Dave Eggers' new book, A Hologram for the King, out June 19, has hit the review cycle. It's the story of a struggling businessman in Saudi Arabia who "pursues a last-ditch attempt to stave off foreclosure, pay his daughter’s college tuition, and finally do something great." From the sound of things, Michiko Kakutani (the real Michiko Kakutani) pretty much adored it. She writes, "Hologram is studded with allusions to a rich array of literary classics, but Mr. Eggers uses a new, pared down, Hemingwayesque voice to recount his story, a voice that stands in sharp contrast to the baroque, hyperventilated one he employed in his dazzling 2000 debut book, A Heartbreaking Work of Staggering Genius. Gone are the self-conscious commentary and postmodern pyrotechnics of “Genius.” Gone too are the less effective exercises in mimicry and pastiche featured in his 2002 novel You Shall Know Our Velocity. She concludes, "he has achieved something that is more modest and equally satisfying: the writing of a comic but deeply affecting tale about one man’s travails that also provides a bright, digital snapshot of our times." Sounds like this year's Goon Squad. [New York Times]

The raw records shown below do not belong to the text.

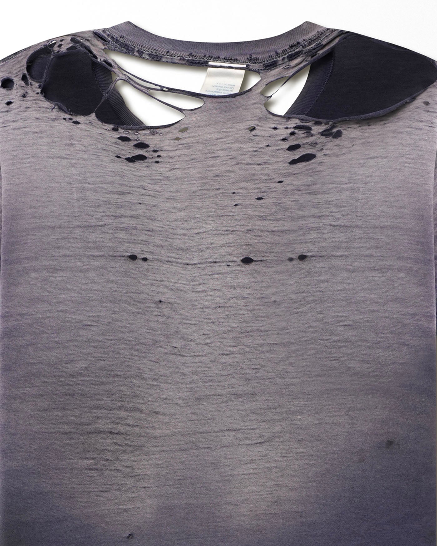 EN: Towncraft purple faded t-shirt with front pocket and single stitch. Features heavy signs of wear, large holes on the back of the collar, and scattered stains.
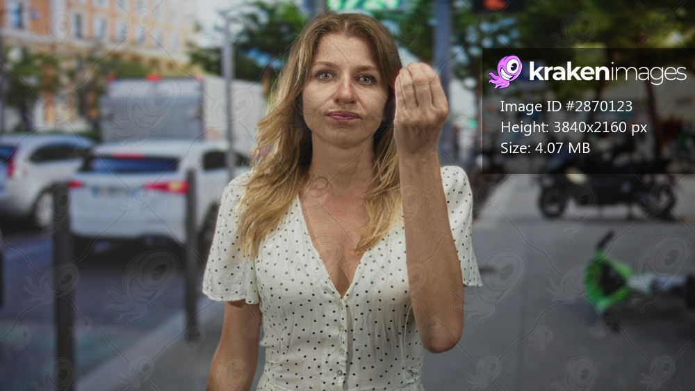Woman in white polka dot dress raises hand with palm forward on a busy city street near parked cars and scooters; frustration resolve.
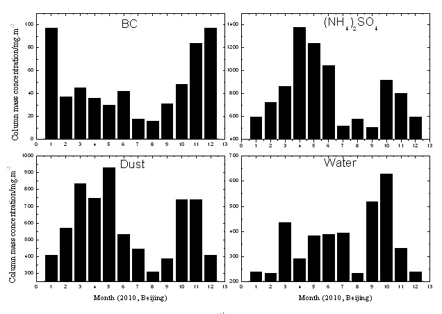 (b)通过地基遥感观测首次获得北京月平均气溶胶化学组分含量变化信息
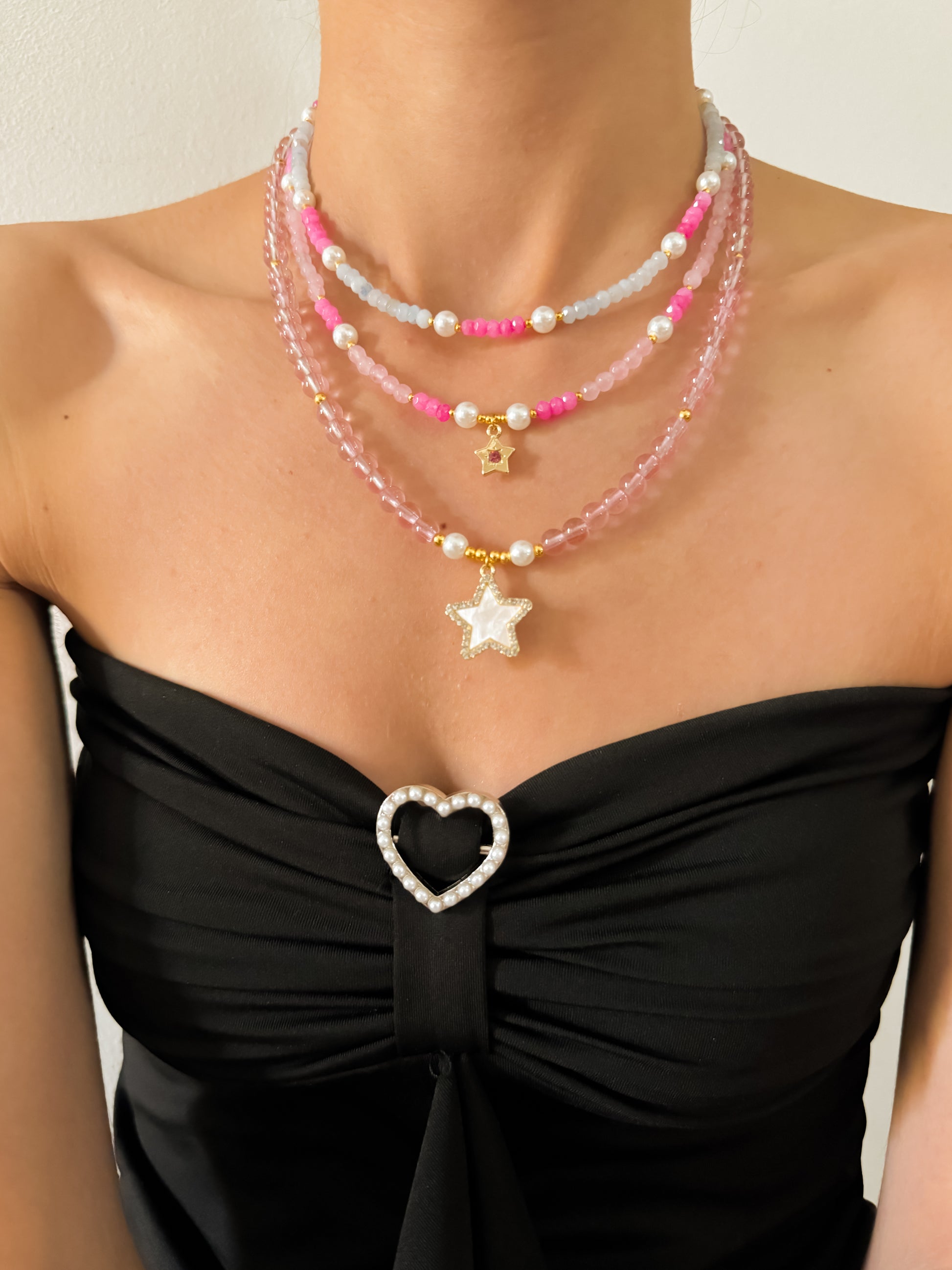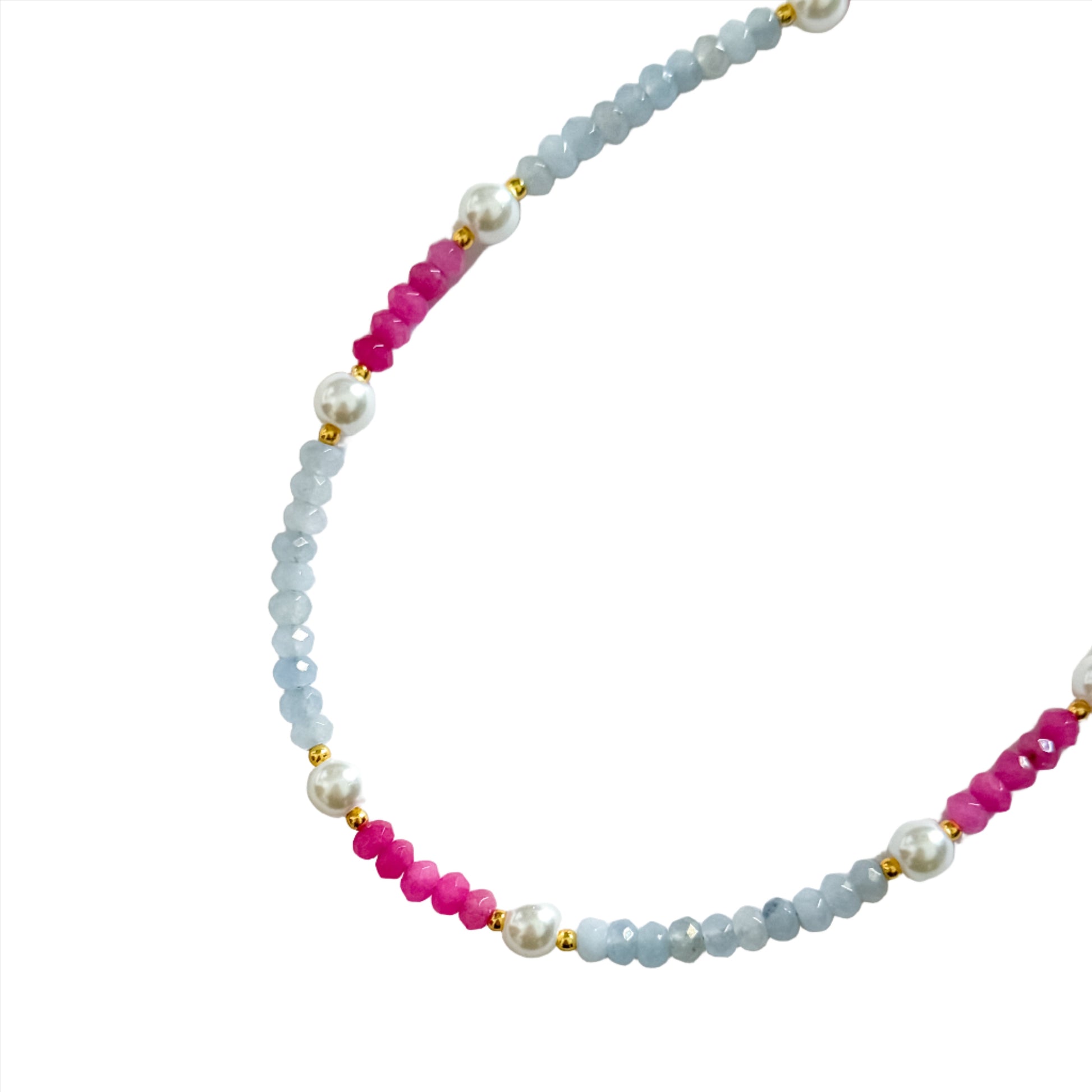 This handcrafted Agate blue and pink beaded choker is accented with gold and pearl details. It measures 35cm with a 5cm extension, providing a comfortable fit.

Fun things to look at, the "People reading books on the subway edition." Underground New York Public Library collects photos of people reading on the subway in New York City. It's a pretty great reminder that a lot of city dwellers do still adore the printed word, not to mention a gauge of what people are actually reading. On Wednesday, Ourit Ben-Haim, the blogger and photographer behind the site, answered a few questions about it for Tumblr Storyboard. Ben-Haim said, "To read is to be willing to engage ourselves towards discovery. Reading any book demonstrates this willingness. When I see the Reading-Riders, I see people who are contemplating description of new possibilities. In this way, every book says that its reader is simply great." So much book love! [Underground New York Public Library]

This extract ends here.